There is, in fact, almost no formal theory dealing with analogue communication and, in particular, no equivalent of Information Theory or Logical Type Theory. This gap in formal knowledge is inconvenient when we leave the rarified world of logic and mathematics and come face to face with the phenomena of natural history. In the natural world, communication is rarely either purely digital or purely analogic. Often discrete digital pips are combined together to make analogic pictures as in the printer's halftone block; and sometimes, as in the matter of context markers, there is a continuous gradation from the ostensive through the iconic to the purely digital. At the digital end of this scale all the theorems of information theory have their full force, but at the ostensive and analogic end they are meaningless.
It seems also that while much of the behavioral communication of even higher mammals remains ostensive or analogic, the internal mechanism of these creatures has become digitalized at least at the neuronal level. It would seem that analogic communication is in some sense more primitive than digital and that there is a broad evolutionary trend toward the substitution of digital for analogic mechanisms. This trend seems to operate faster in the evolution of internal mechanisms than in the evolution of external behavior.
Recapitulating and extending what was said above:
(a) The notion of repeatable context is a necessary premise for any theory which defines "learning" as change.
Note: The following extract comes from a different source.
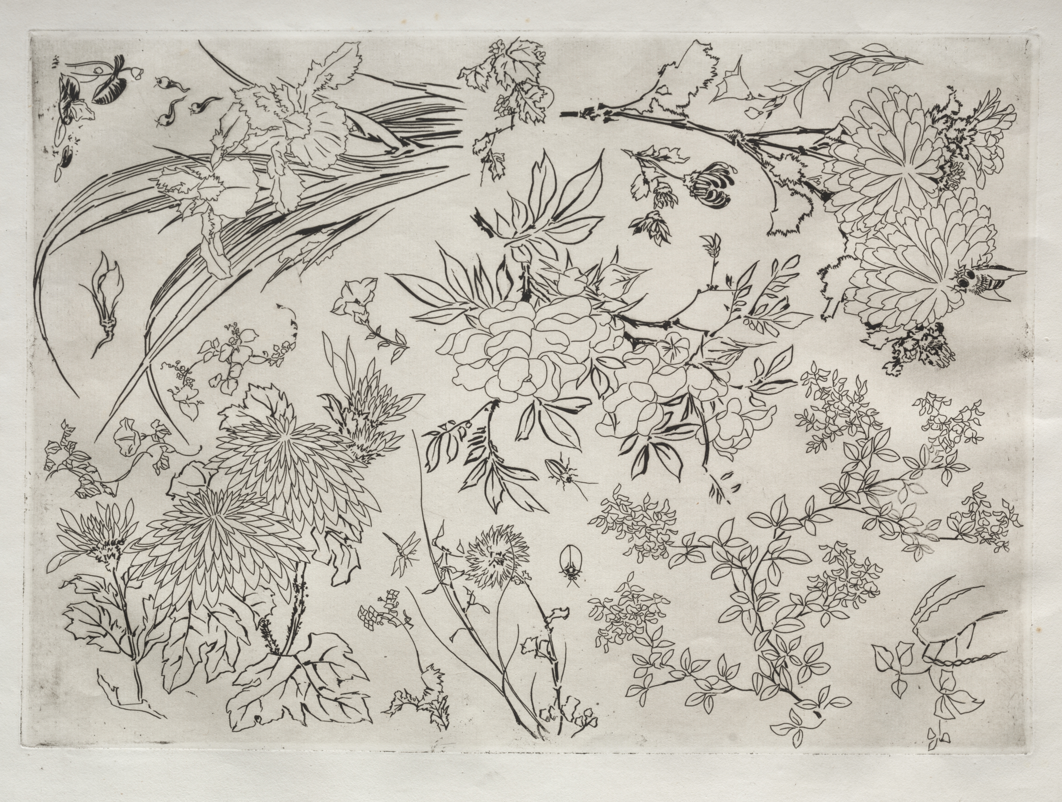 Black and white drawing on off-white background. Various plants, flowers, leaves and stems. Flowers have many petals. Some plants have buds. Stems are curved and straight. Leaves are oval and pointed. Small insects present. Plants densely arranged. Border around drawing slightly darker.

This notion is not a mere tool of our description but contains the implicit hypothesis that for the organisms which we study, the sequence of life experience, action, etc., is somehow segmented or punctuated into subsequences or "contexts" which may be equated or differentiated by the organism.
The distinction which is commonly drawn between perception and action, afferent and efferent, input and out-put, is for higher organisms in complex situations not valid. On the one hand, almost every item of action may be re-ported either by external sense or endoceptive mechanism to the C.N.S., and in this case the report of this item be-comes an input. And, on the other hand, in higher organisms, perception is not by any means a process of mere passive receptivity but is at least partly determined by efferent control from higher centers. Perception, notoriously, can be changed by experience. In principle, we must allow both for the possibility that every item of action or output may create an item of input; and that percepts may in some cases par-take of the nature of output. It is no accident that almost all sense organs are used for the emission of signals between organisms. Ants communicate by their antennae; dogs by the pricking of their ears; and so on.
In principle, even in zero learning, any item of experience or behavior may be regarded as either "stimulus" or "response" or as both, according to how the total sequence is punctuated. When the scientist says that the buzzer is the "stimulus" in a given sequence, his utterance implies an hypothesis about how the organism punctuates that sequence. In Learning I, every item of perception or behavior may be stimulus or response or reinforcement according to how the total sequence of interaction is punctuated.